2008-12-31

How US Senate seats compare to population representation

The other day I created an organizational chart that shows the five most populous cities in America and the states that it takes to equal that population. The reason I did that was to visually illustrate how out of whack the Senate seems to be for representation of the US compared to population. Looking at the extreme example, NYC has the same population has the nine least populated states in the Union. That means that the people in NYC who share two Senators with all of NY would have 18 Senators if they were instead those people from the nine states.

Now before people start to get after me about the House of Representatives being population-based, let's think about the balance of power here between the House and the Senate. If the federal government is meant to represent all of America, why does the Senate which disproportionally represents the populace, have equal say, if not more, in national matters? The Senate is where a filibuster can occur. The Senate can block and amend any bill the House passes. Why does someone from Wyoming get to be represented by 1/257,502 of a Senator while someone from California is represented by 1/18,228,774 of a Senator? That's over 70 times more representative power for the person from Wyoming compared to California!
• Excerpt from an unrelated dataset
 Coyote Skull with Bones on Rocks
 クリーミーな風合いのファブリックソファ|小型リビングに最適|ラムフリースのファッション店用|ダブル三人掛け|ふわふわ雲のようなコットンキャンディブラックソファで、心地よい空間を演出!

The funny thing here is comparing all of this to Canada. In the US, the federal government actually does a lot of things for the nation. In Canada, however, most power is devolved to the provinces. And yet in Canada Parliament is based on population! So the country where the federal government does less has a more balanced representation than in the country where the federal government does more!

Maybe some states could be merged together so that the balance is a little bit more reasonable. Put Wyoming and Montana together. How about merging North and South Dakota? And don't tell me that there is too much of a cultural block; if East and West Germany can become a single country again then some states can merge.
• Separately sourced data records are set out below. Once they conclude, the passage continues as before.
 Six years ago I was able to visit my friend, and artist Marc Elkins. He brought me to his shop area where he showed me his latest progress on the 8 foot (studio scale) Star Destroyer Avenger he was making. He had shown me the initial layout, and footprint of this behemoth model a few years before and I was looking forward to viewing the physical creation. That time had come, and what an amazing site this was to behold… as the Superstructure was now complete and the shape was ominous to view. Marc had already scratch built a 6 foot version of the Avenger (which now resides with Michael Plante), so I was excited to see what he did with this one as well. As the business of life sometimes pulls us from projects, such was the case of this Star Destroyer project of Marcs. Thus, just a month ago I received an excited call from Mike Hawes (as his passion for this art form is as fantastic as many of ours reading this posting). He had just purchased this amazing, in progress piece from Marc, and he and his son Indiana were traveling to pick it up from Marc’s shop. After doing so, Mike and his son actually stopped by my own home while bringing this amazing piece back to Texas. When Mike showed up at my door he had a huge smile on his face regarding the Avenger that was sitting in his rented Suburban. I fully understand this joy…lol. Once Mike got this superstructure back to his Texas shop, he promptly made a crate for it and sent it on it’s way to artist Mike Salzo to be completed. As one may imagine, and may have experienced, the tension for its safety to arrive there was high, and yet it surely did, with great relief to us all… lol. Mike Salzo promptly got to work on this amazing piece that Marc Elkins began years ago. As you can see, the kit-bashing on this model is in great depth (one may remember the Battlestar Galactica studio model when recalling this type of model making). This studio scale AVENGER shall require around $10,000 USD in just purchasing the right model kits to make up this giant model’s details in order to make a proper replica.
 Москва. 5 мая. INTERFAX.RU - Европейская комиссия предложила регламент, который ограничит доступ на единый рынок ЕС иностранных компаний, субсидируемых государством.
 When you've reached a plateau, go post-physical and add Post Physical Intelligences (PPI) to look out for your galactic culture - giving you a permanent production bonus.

The point of this rant is that the representation at the federal level should not be inverted when the federal government is powerful. If the US was more like Canada and the federal government didn't do that much then fine, I could live more with the imbalance. But that is simply not the case here.

Oh, and if you read some comments in another blog post I did in one of my two blogs this entire post makes me come off slightly as a hypocrite. =) As with all of my ranting blog posts, take what I say with a grain of salt.

7 comments:

Unknown said...

yeah, but in Canada senators are appointed.

Unknown said...

@paul Right, which is why I mentioned Parliament rather than the Senate in Canada.

fert said...

did you see that article on how north dakota wants to drop the "north" from its name?

Jack Diederich said...

US Sentators used to be appointed by the states. This was changed to direct election in the 20th amendment IIRC. The old tension between the two houses was House members wanting to move power up to the federal and Senators wanting to keep it at the state level (they literally represented the state legislatures).
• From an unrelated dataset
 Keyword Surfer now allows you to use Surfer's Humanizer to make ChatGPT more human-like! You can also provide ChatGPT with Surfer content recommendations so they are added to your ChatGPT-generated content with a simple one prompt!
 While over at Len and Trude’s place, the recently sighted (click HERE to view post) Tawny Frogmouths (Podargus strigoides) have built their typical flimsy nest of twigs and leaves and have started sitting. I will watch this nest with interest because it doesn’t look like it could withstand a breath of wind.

Once both houses of congress were directly elected the Federal government ballooned in size, natch.

Anonymous said...

And DC has a larger opulation than Wyoming, and NO Senatorial representation...

Stuart said...

"That's one small senator for 18 million Californians, one giant senator for 260 thousand Wyoming ranchers."

Mike UK said...

Interesting to read this, I don't know if you've checked out the system they use in Germany but they use a specific formula to work out the relative number of votes each representative of the Lander (state) in the Bundesrat (senate) should have, as according to the population of their respective state.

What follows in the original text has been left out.